**I. Data Structures**

* **Series:** A one-dimensional array-like structure holding data of any type. Think of it like a column in a spreadsheet.
* **DataFrame:** A two-dimensional tabular structure with labeled rows and columns. This is what you'll use most often, as it resembles an Excel sheet or a database table.

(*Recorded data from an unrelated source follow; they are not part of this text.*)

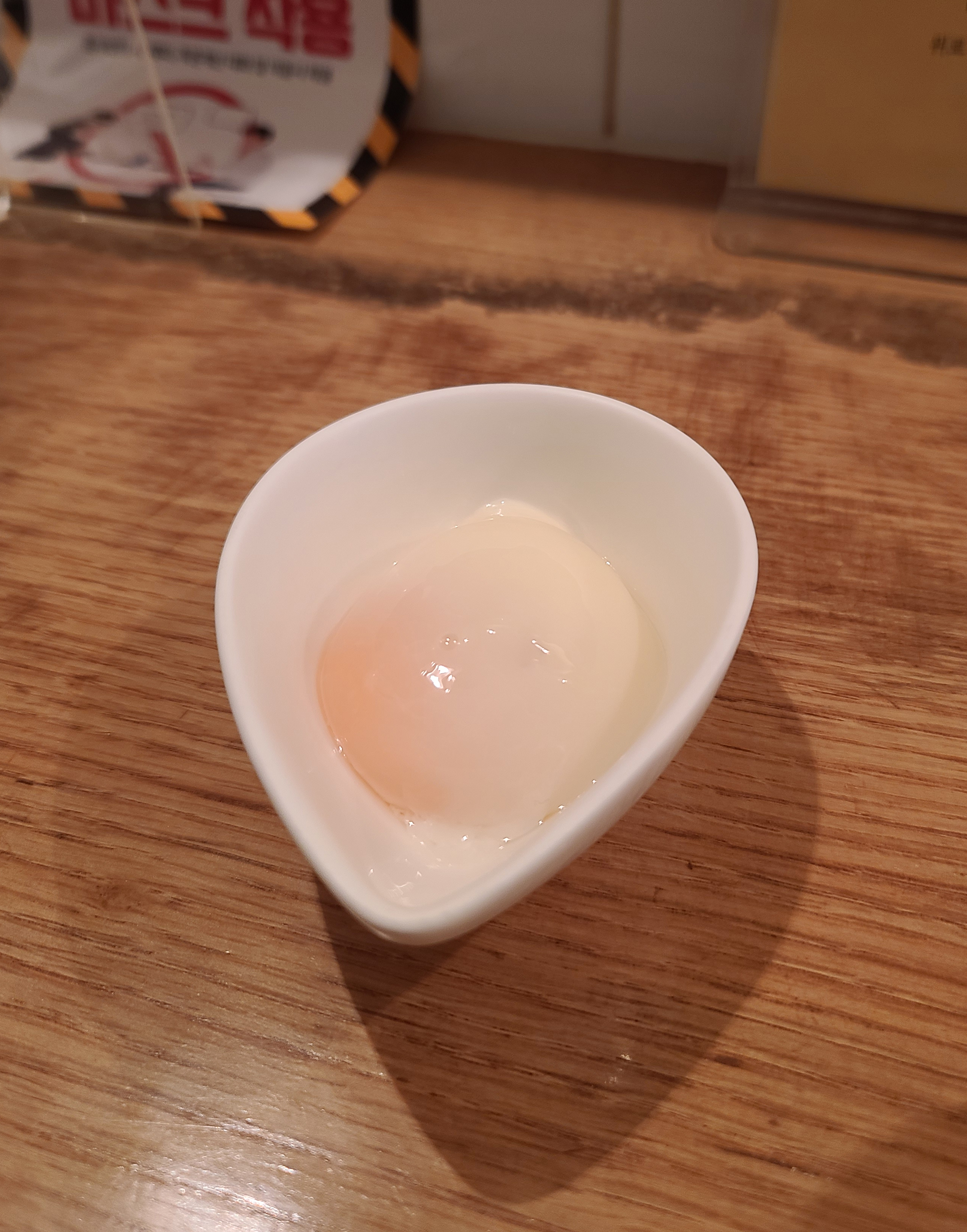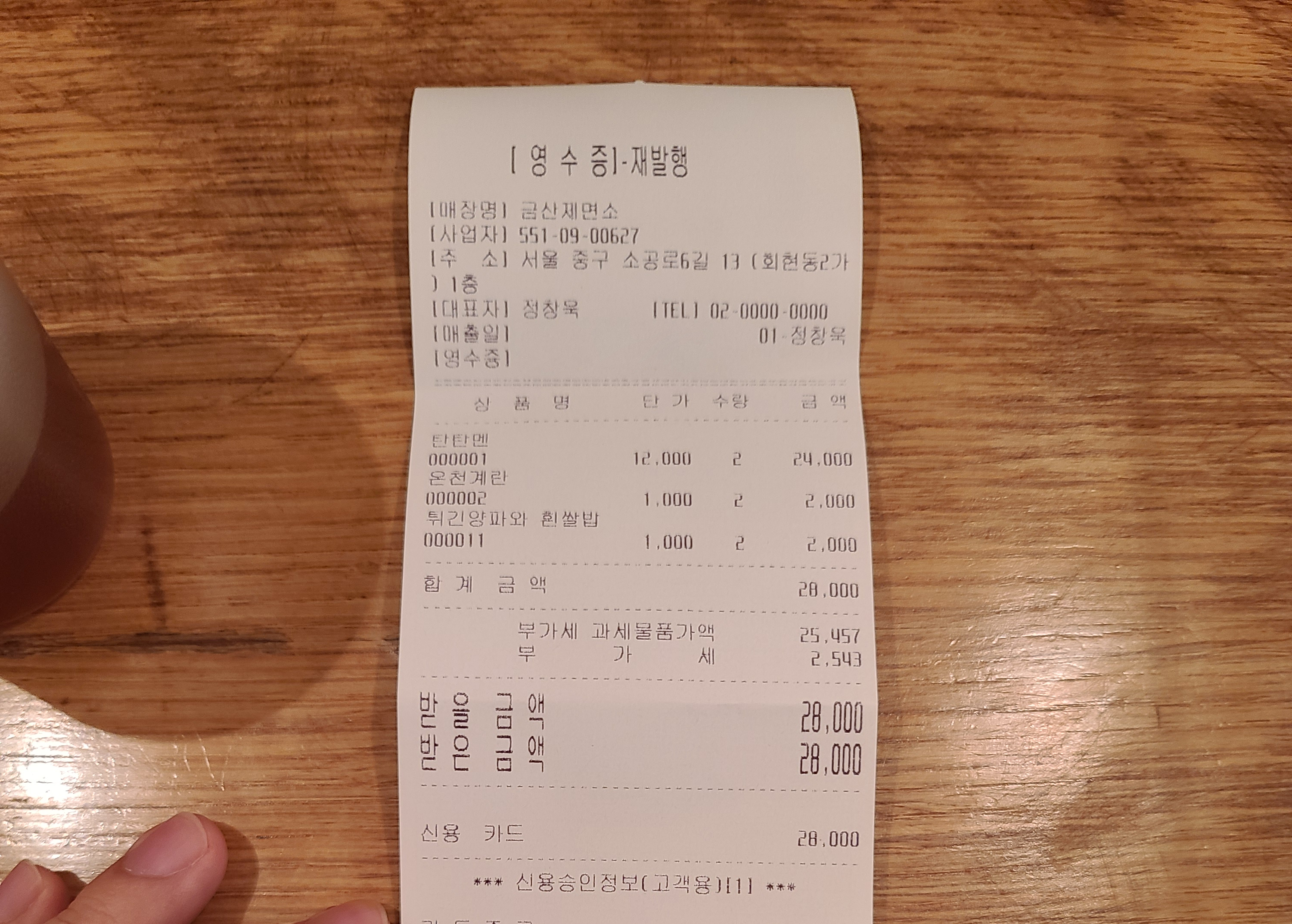 가게에 들어가니 정창욱 셰프가 직접 "주차는 잘하셨는지" 물어봐주셨습니다. 다행히도 인근 공영주차장을 찾아서 주차를 하고 왔다고 한 다음, 금산제면소의 메인 메뉴인 탄탄멘과 온천 달걀, 튀긴 양파와 흰쌀밥을 함께 주문했습니다. 식사 금액은 선결제를 하였고 총금액 28,000원이 나왔습니다.
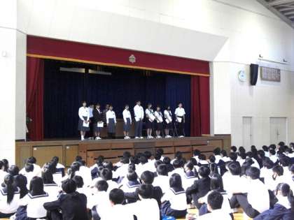10月11日(金) 全校集会・意見発表・認証式の様子2です。
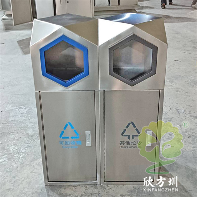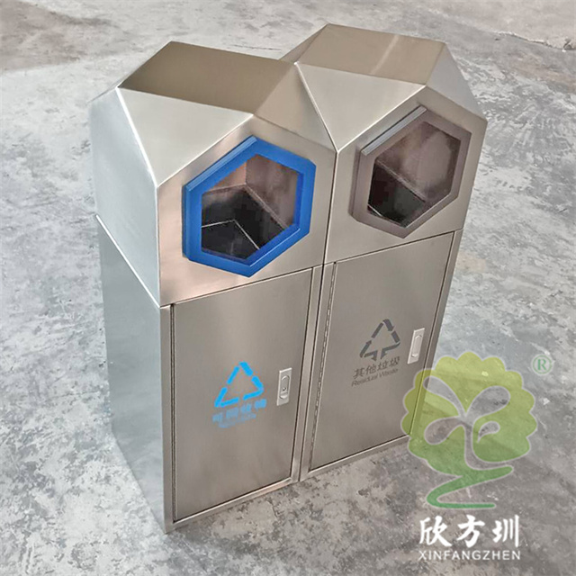 户外菱形组合式不锈钢分类垃圾桶这款垃圾桶制作精良,镜面不锈钢本色户外连体两分类方形垃圾桶设计,适合摆放在室内物业小区、市政街道、广场、工业区道路或公园景区等等,注重产品细节部位处理坚固耐用,安全无利口,不伤手,框架201不锈钢外筒,不锈钢内筒也可以选择镀锌板、塑料、玻璃钢等等,便于垃圾清倒。
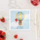 Papper napkin för babydusch med vismliknande tema, med en illustration av en brun nalle som kör en blå och gult luftballong med röd ballong. Det finns faux silver glitter flaggor runt luftballongen. Anpassa den här produkten genom att lägga till mamman till namn. Designad för en pojkdusch.
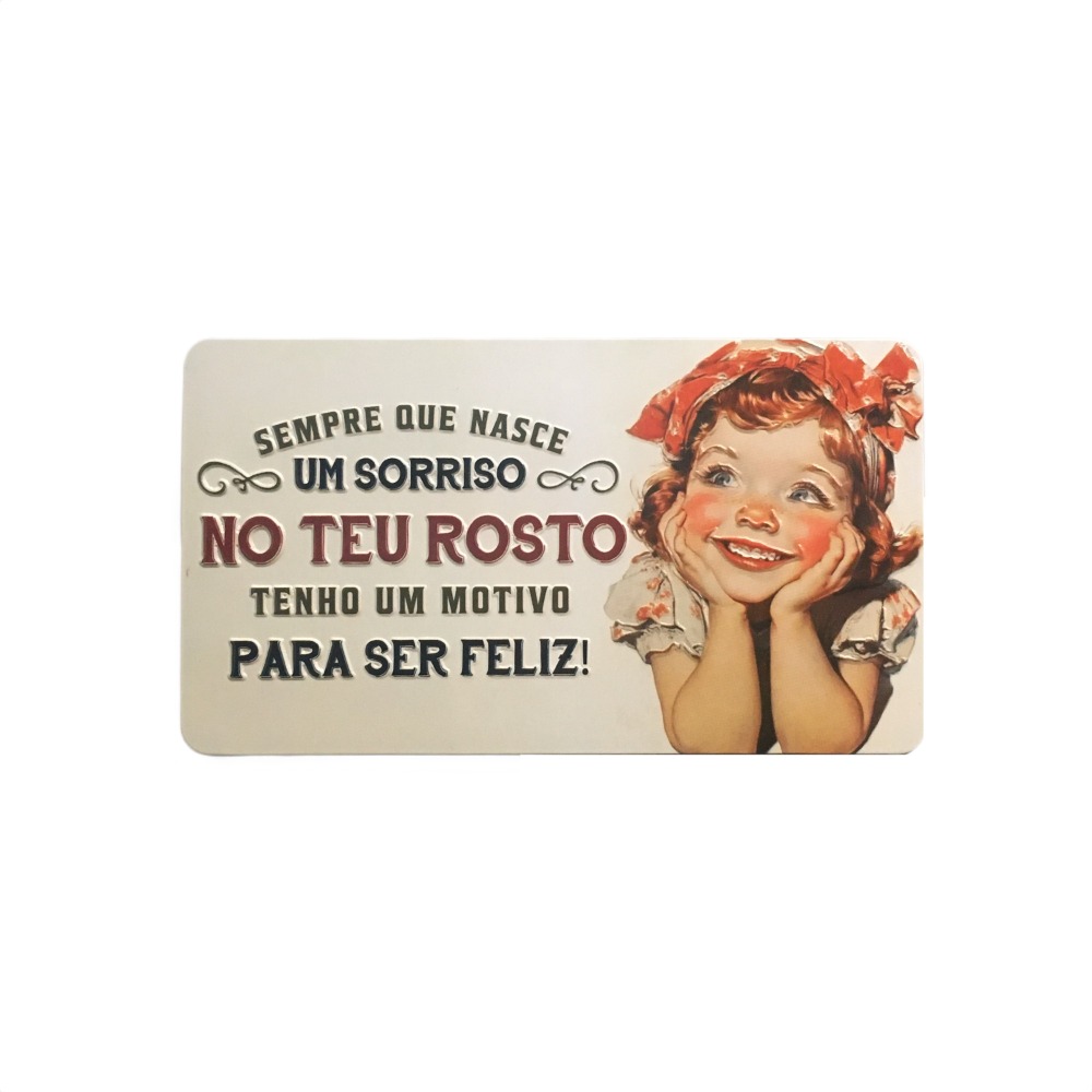 Íman Retro MMP 173 - Sempre que nasce um sorriso no teu rosto tenho um motivo para ser feliz! 4,95 € Desconto de %. Partilhar Comprar Contactar SKU: ZF120273 Íman com design de inspiração retro. Mensagem inscrita"Sempre que nasce um sorriso no teu rosto tenho um motivo para ser feliz!" Medidas: 10x5,7 cm. Tags PresentesÍman

**II. Essential Commands**

1. **Importing Data**
   * `pd.read_csv()` Read CSV files.
   * `pd.read_excel()` Read Excel files.
   * `pd.read_json()` Read JSON data.

2. **Exploring Data**
   * `df.head()` View the first few rows.
   * `df.tail()` View the last few rows.
   * `df.info()` Get summary information (data types, non-null counts, etc.).
   * `df.describe()` Generate descriptive statistics.
   * `df.shape`  Get the dimensions of the DataFrame (rows, columns).

3. **Selecting Data**
   * `df['column_name']` Select a column by its name.
   * `df.loc[row_index]` Select rows by label/index.
   * `df.iloc[row_position]` Select rows by position.
   * `df[df['column_name'] > value]` Conditional selection.  

4. **Data Manipulation**
   * `df.sort_values()` Sort by the values of one or more columns.
   * `df.groupby()` Group data and perform aggregations. 
   * `df.drop_duplicates()` Remove duplicate rows.
   * `df.dropna()` Drop rows or columns with missing values.
   * `df.fillna()` Fill missing values.

**III. Concepts to Master**

* **Indexing and Slicing:** How to access and manipulate specific parts of your DataFrames using various techniques.
* **Boolean Indexing:** Using conditions to filter and select data.
* **Merging & Joining:** Combining DataFrames based on common keys.
* **Aggregation:** Calculating summary statistics using functions like `sum`, `mean`, `count`.
* **Handling Missing Data:**  Understanding different techniques for dealing with missing values.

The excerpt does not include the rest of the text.